Binary Task Synergy: Simple spatial/depth questions serve as helpful auxiliary signals for complex trajectory tasks.
Rearrangement Hardness: Even the best model achieves only ~57%, indicating that reasoning about object relationships in clutter remains a significant challenge.
Real-World Validation: In 15 Franka pick-and-place tasks, the base NVILA achieved 0/15, while BOP-Ask SFT achieved 10/15.

Highlights & Insights¶

Repurposing Precise Benchmarks is a Viable Methodology: Instead of manual labeling, deriving interaction labels from 6D GT poses using geometric/planning tools (RRT, M2T2) allows for the generation of 33.8M precise samples with minimal labor.
Clever Rearrangement Signals: Rearrangement labels are defined for free as a byproduct of collision detection—if all grasps collide, rearrangement is required.
Pixel Coordinates over Multi-choice: Forcing the model to output executable geometric quantities (cubes, grasps, waypoints) aligns evaluation with actual robotic requirements.

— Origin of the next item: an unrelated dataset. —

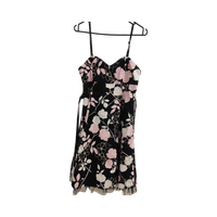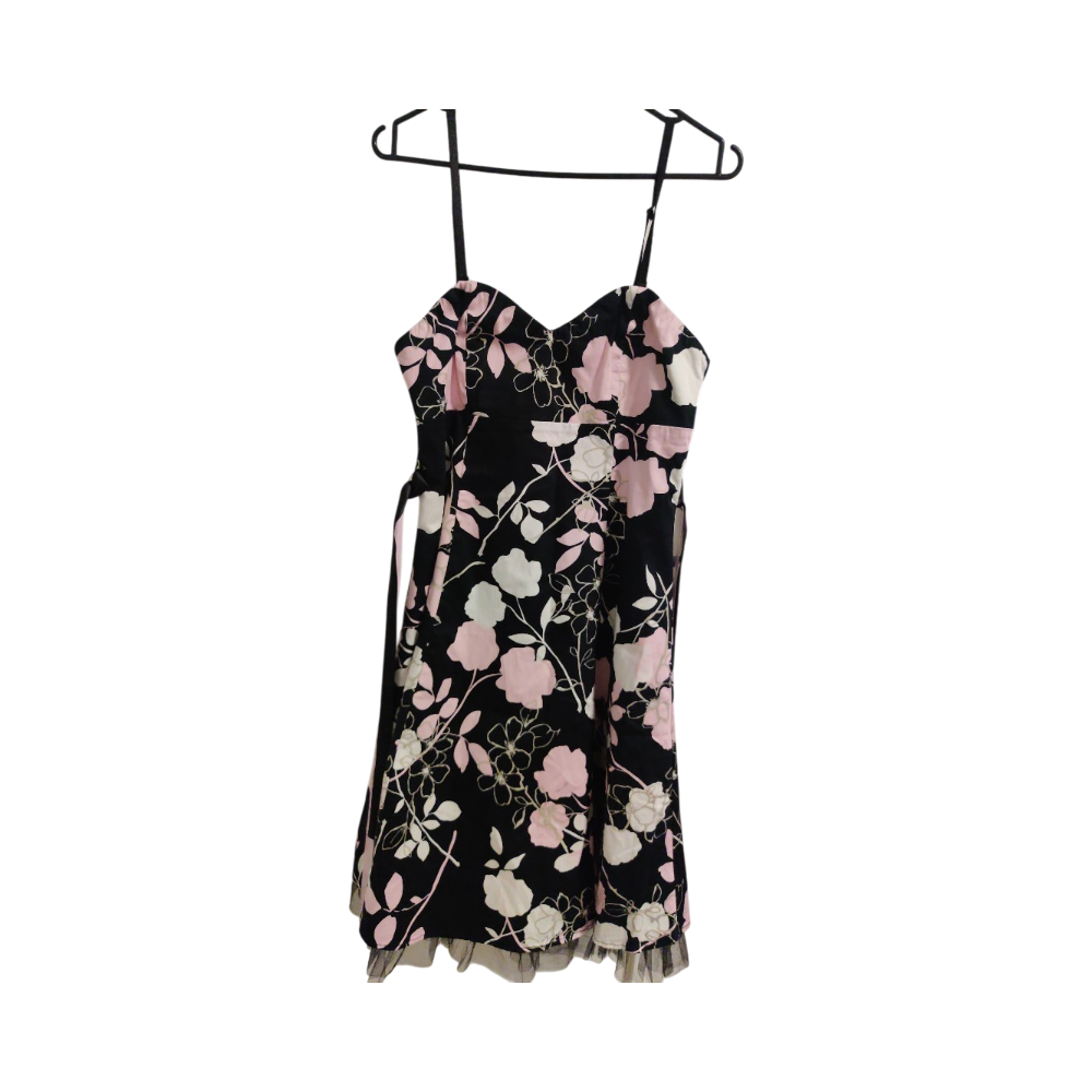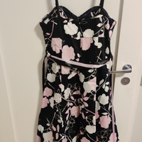Musta mekko vaaleanpunaisilla ja valkoisilla kukilla, olkaimellinen. Olkaimet saa irti. Tylliä helmassa, kaunis puolikellohame. Sopii juhliin. Muutaman kerran käytetty. Vastaa paremminkin kokoa 38/40.

Limitations & Future Work¶

Rearrangement reasoning (object-object relationship + 3D alignment) remains unresolved.
Domain Narrowness: The data is restricted to indoor tabletop scenes (104 objects). Coverage of open-world, outdoor, or deformable objects is limited.
Heuristic Reliance: The "ground truth" precision is bound by the quality of upstream tools like M2T2 and RRT.
Future work could extend the pipeline to simulation environments for infinite pose generation or introduce articulated/deformable objects.

Compared to SpatialVLM and RoboSpatial, which often rely on approximate monocular depth or focus on high-level relationships, BOP-Ask provides millimeter-level GT precision and is the first to include executable Motions + Poses + Grasping at scale.

Rating¶

Novelty: ⭐⭐⭐⭐⭐ First large-scale interaction dataset combining poses, grasping, and motion; automated derivation concept is novel.
Experimental Thoroughness: ⭐⭐⭐⭐⭐ Comprehensive coverage across 9 VLMs, humans, multiple OOD benchmarks, and real-robot validation.
Writing Quality: ⭐⭐⭐⭐ Clear definitions, though some geometric parameters require looking up referenced tools.
Value: ⭐⭐⭐⭐⭐ Directly addresses a core bottleneck in embodied VLMs with a plug-and-play dataset and benchmark.